### Assignment:
Return exactly the lines of the data below, from the one that contains "Το ντύσιμό της" through the final line, and leave out every picture.

--- Dataset section Enclosed Below ---

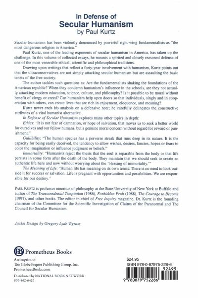 Are the fundamentalists shaking the foundations of the American republic?- When they condemn humanism's influence in the schools, are they not actuallyattacking modern education, science, culture, and philosophy?- Is it possible to be moral without benefit of clergy or creed?- Can humanism help open doors so that individuals, singly and in cooperationwith others, can create lives that are rich in enjoyment, eloquent andmeaningful?What is humanism, and why have humanists come under attack by religious conservatives and the fundamentalist right? "Humanism is not a dogma or a creed," writes Paul Kurtz. "Humanists have confidence in human beings, and they believe that the only bases for morality are human experience and human needs. Humanists are opposed to all forms of supernaturalistic and authoritarian religion. Many humanists believe that scientific intelligence and critical reason can assist in reconstructing our moral lives . . . Humanists believe in freedom and pluralistic democracy as virtually our first principle, and we are disturbed by any authoritarian effort to impose one point of view on America. Defense of the open, democratic society should be the first point humanists make in response to the Moral Majority, making it clear that in our reading of the American tradition, pluralism is essential."In Defense of Secular Humanism is a volume of collected essays by one of the leading exponents of secular humanism. It is a closely reasoned defense of one of the most venerable ethical, scientific and philosophical traditions within Western civilization.
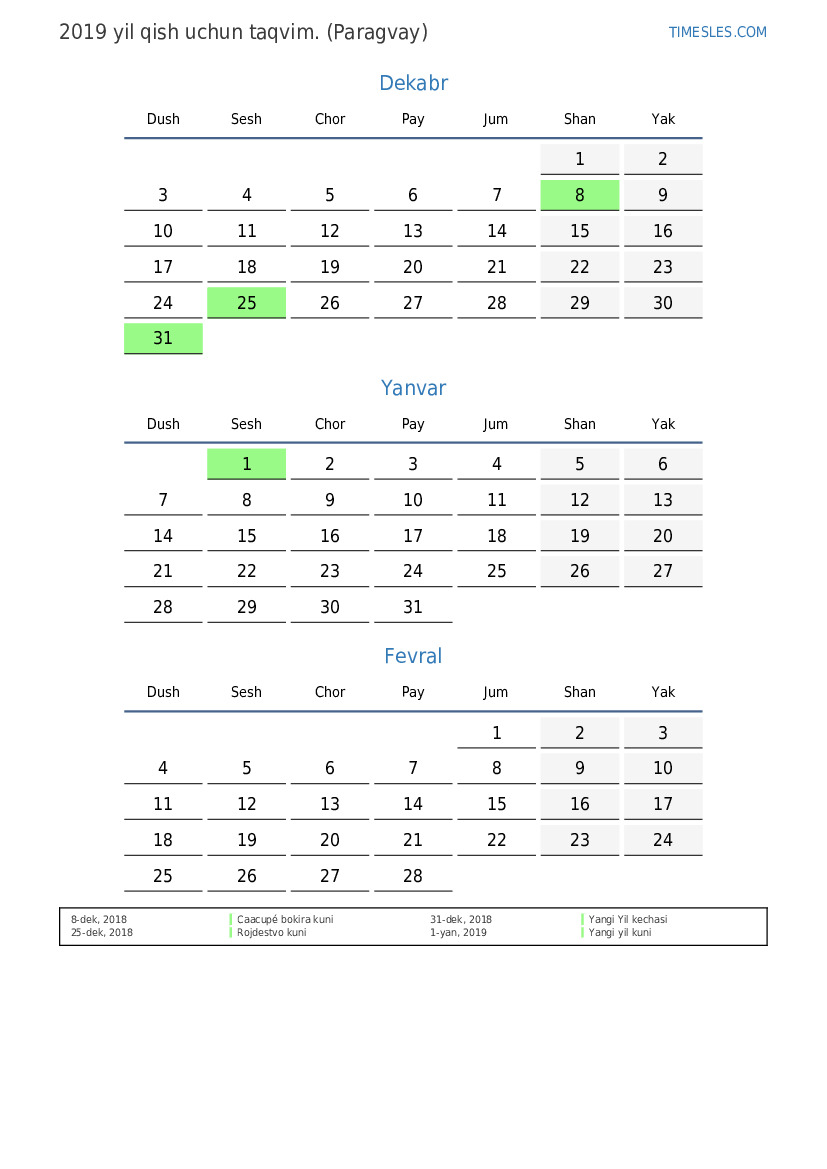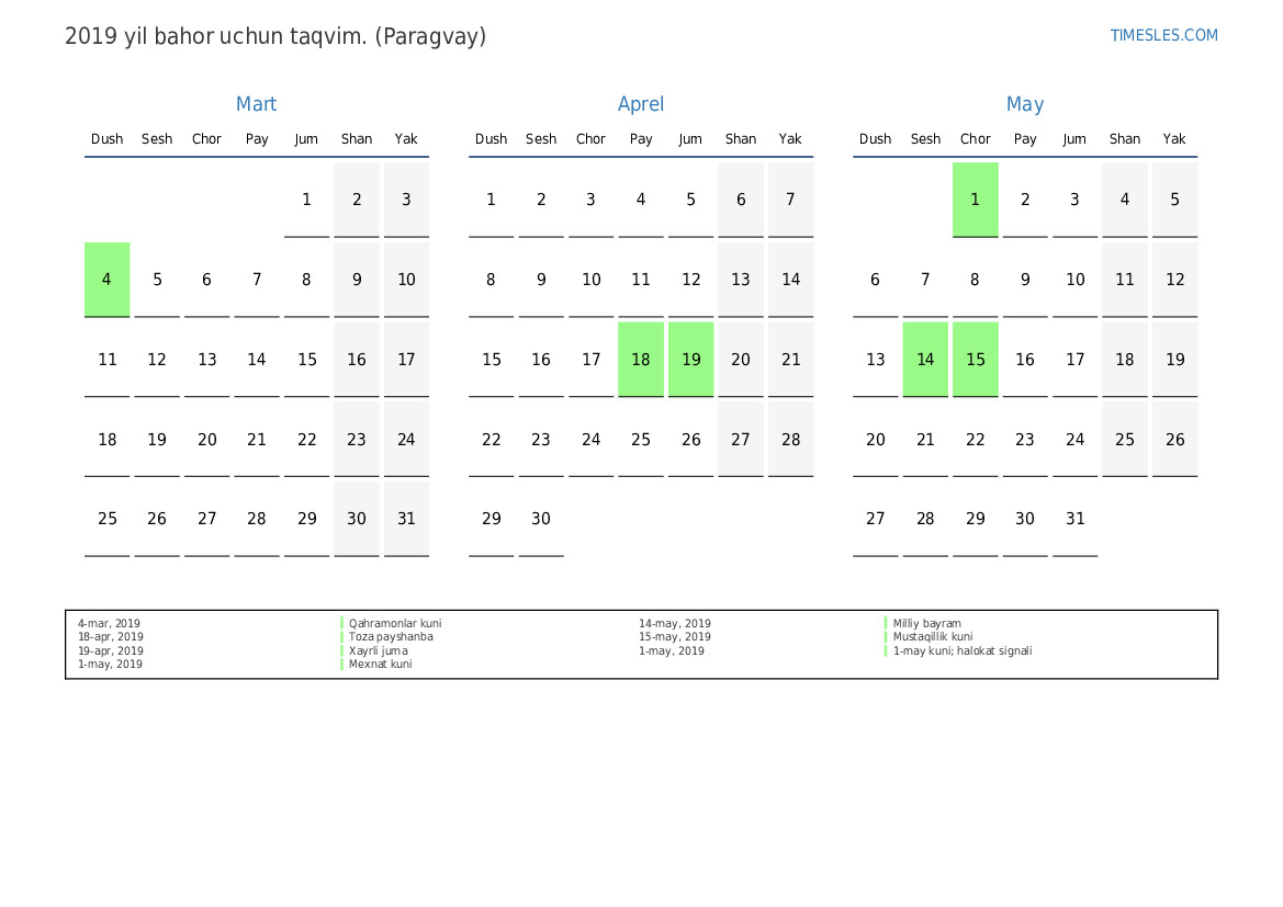 Paragvay uchun 2019 yilgi bahor uchun taqvim
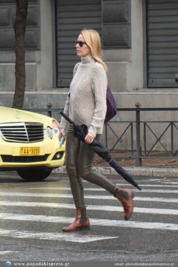 Το ντύσιμό της ήταν ομολογουμένως πολύ σωστό, καθώς εκείνη την ημέρα έβρεχε, άλλωστε η ίδια είναι γνώστης του στυλ κάτι που απέδειξε και τώρα με την ενδυματολογική της επιλογή.
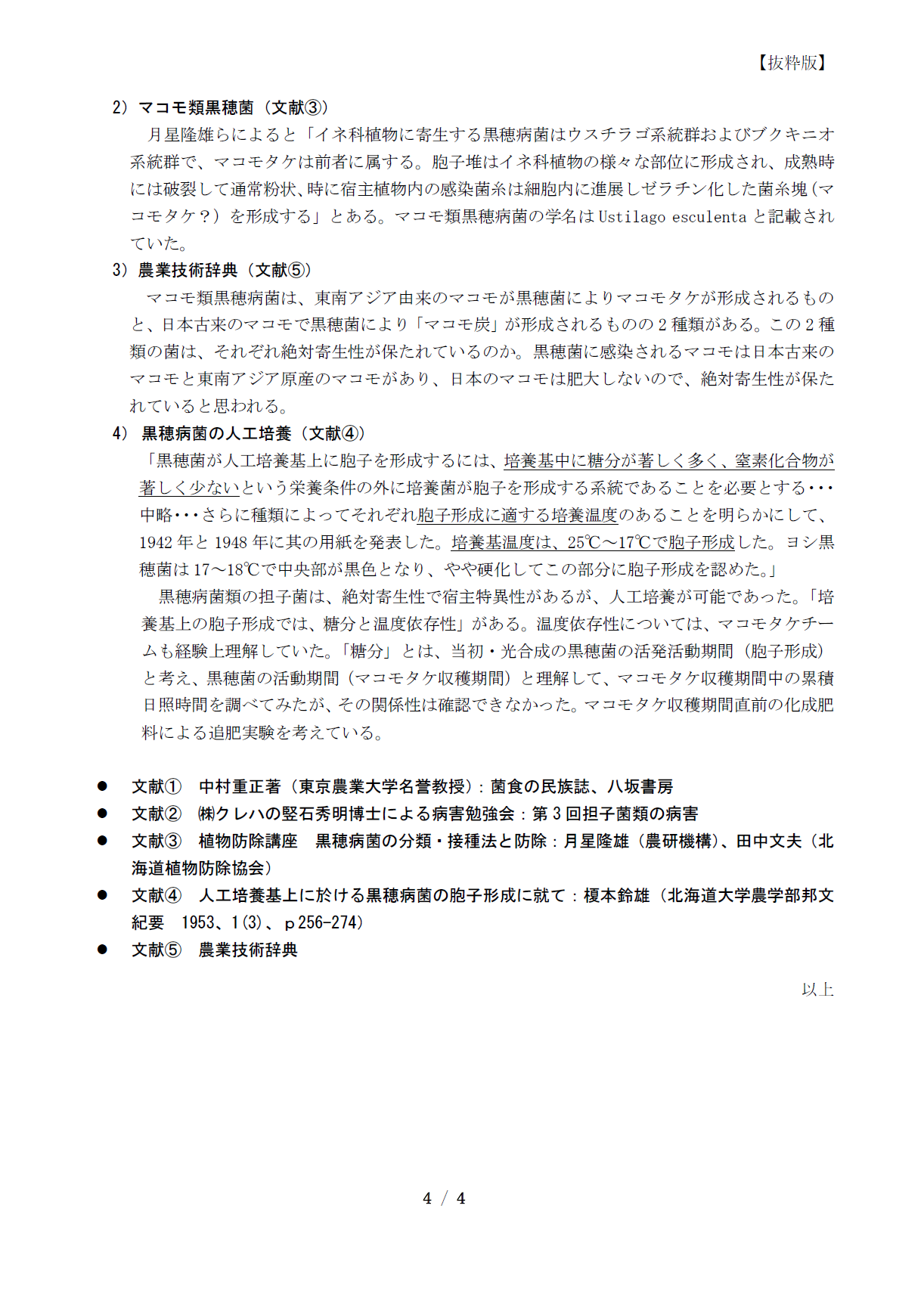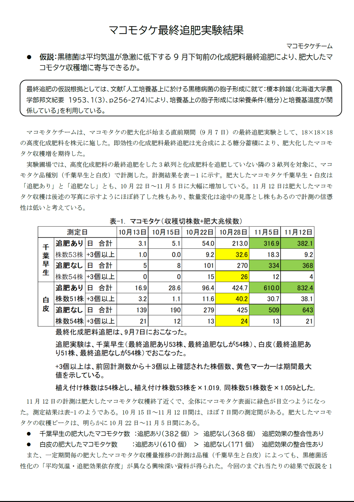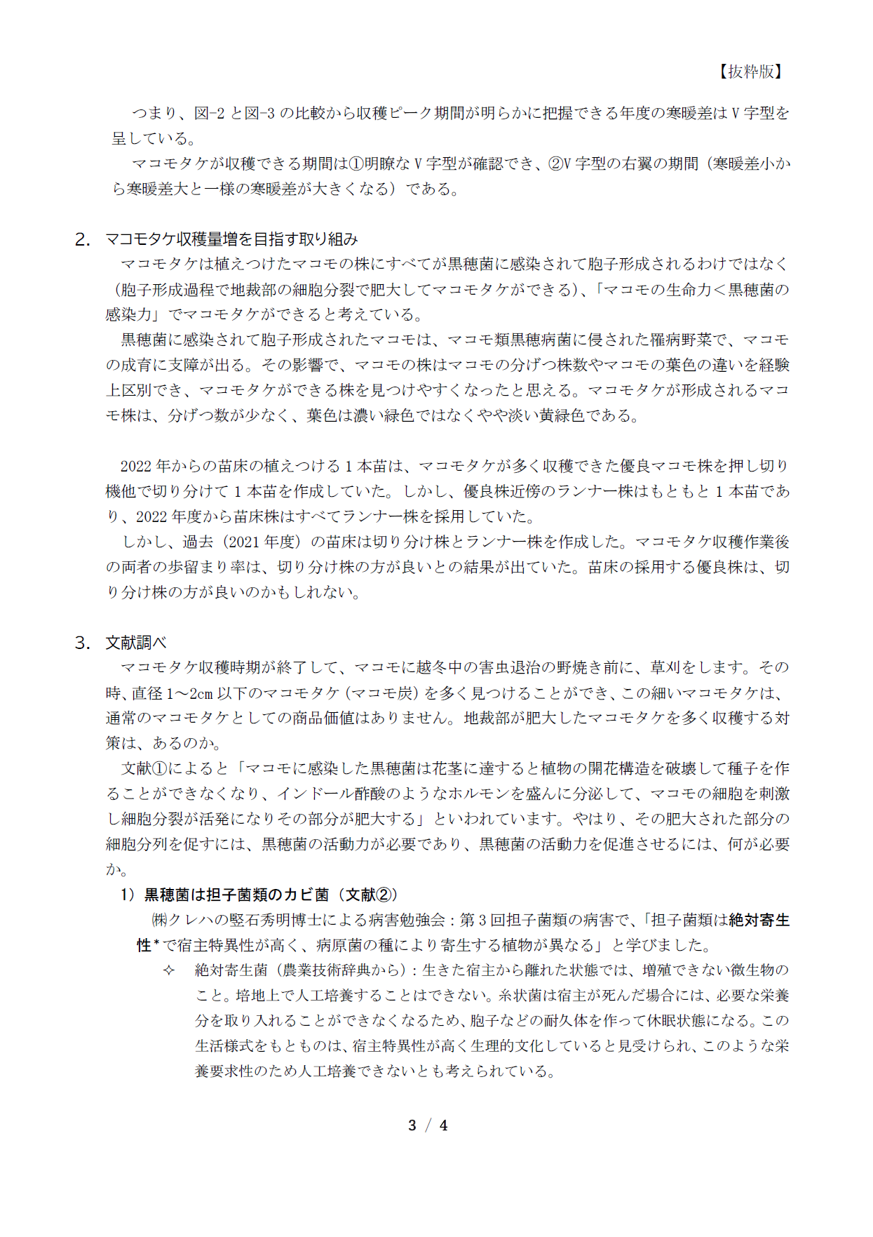 【補足】本報告は抜粋版です。完全版を御覧になりたい場合は、マコモタケチーム宛にお問い合わせ下さい。

--- End of Enclosed Dataset section ---

### Response box:
 Το ντύσιμό της ήταν ομολογουμένως πολύ σωστό, καθώς εκείνη την ημέρα έβρεχε, άλλωστε η ίδια είναι γνώστης του στυλ κάτι που απέδειξε και τώρα με την ενδυματολογική της επιλογή.
 【補足】本報告は抜粋版です。完全版を御覧になりたい場合は、マコモタケチーム宛にお問い合わせ下さい。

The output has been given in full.